Design Principles

How I do AI

I keep watching smart people build elaborate agent systems that collapse the second they touch real work. A multi-step planner. A vector store. A retrieval-augmented synthesizer. An orchestrator. A memory layer. Eight microservices behind a custom protocol. By month three they're back to pasting things into ChatGPT.

The bug is not the LLM. The bug is the architecture they wrapped around it.

This repository is the architecture I actually use. The pieces are boring on purpose. But they work on a Tuesday, they work on a flight, and they work six months from now when I've forgotten everything about how I built them. That is the bar.

The Thesis

Small, opinionated, composable pieces beat one big agent. Always. Every time.

To keep operations light, we run three always-on agents (such as the Beast agent running on the Hermes VPS). These agents do not run monolithic planning loops; they use OpenClaw or Hermes strictly as a thin harness/message-transport layer. For writing code, modifying files, and refactoring scripts, we pair-program directly with Codex Gemini. This separates the always-on monitoring loop from active code authoring.

A big agent — any single program that tries to plan, retrieve, decide, write, and ship — is a load-bearing wall in a building you are still designing. You cannot move it without bringing the roof down. You cannot see inside it. You cannot reason about why it did what it did three weeks ago.

A bunch of small scripts that each do one thing, log what they did, and hand off via plain files? You can move those. You can read them. You can rebuild them in an afternoon if you have to.

Principles I actually follow

Principle 1

Memory belongs in plain text, not in your context window

Real memory lives in files you can grep. For me, that is events.db (one SQLite events table) and ~/.claude/projects/<project>/memory/MEMORY.md. If I delete my context window, the brain loses nothing.

Context windows are not memory. They are a scratchpad. They evaporate when the session ends, get compacted, or lie to you.

Principle 2

One repository per fully-featured thing

Keep tools modular. If a stranger can clone it, run it, and get value in under an hour without the rest of my setup, it earns its own repository. Hub and spokes linked by references.

Monolithic conglomerates get messy fast. When the marketing harness needs to ship, the brain refactor blocks it.

Principle 3

Skills, hooks, and slash commands beat massive system prompts

Claude Code primitives: skills (markdown loaded on demand), hooks (deterministic pre/post commands), and slash commands (named entry points). Modular and debuggable.

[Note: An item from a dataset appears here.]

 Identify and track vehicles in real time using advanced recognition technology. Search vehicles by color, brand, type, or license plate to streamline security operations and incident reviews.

Long system prompts are monolithic load-bearing walls. Every new behavior fights every other behavior, making debugging behavior failure impossible.

Principle 4

Your Claude finishes the setup

I ship structured markdown prompts. You paste one into your Claude. Your agent reads the files, asks what you are trying to do, and handles the local environment setup.

Fat installers and automation scripts break across environments in silent, un-reproducible ways.

Principle 5

The brain ingests the world; agents act on what it noticed

Decouple ingest from execution. Build background scoring scripts (like daily paper filters) that drop data into the SQLite database. The runtime agent just reads the filtered records.

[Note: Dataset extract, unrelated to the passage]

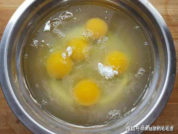 2、准备一个空盆,打入5个鸡蛋,加适量的凉开水和少许淀粉,加水后口感更滑嫩,加淀粉可更易成型,充分搅成鸡蛋液,再加2克盐入味。

Single agents watching everything and deciding on the fly. They starve from lack of feed data or bloat the context window.

Principle 6

Subagents for parallel work, not for linear tasks

Use parallel subagents for isolated jobs (like generating three different layout drafts). If two tasks can run on different days without shared state, they are subagent-ready.

Splitting linear step-by-step logic across subagents. They lose track of each other, forcing you to spend more time stitching than coding.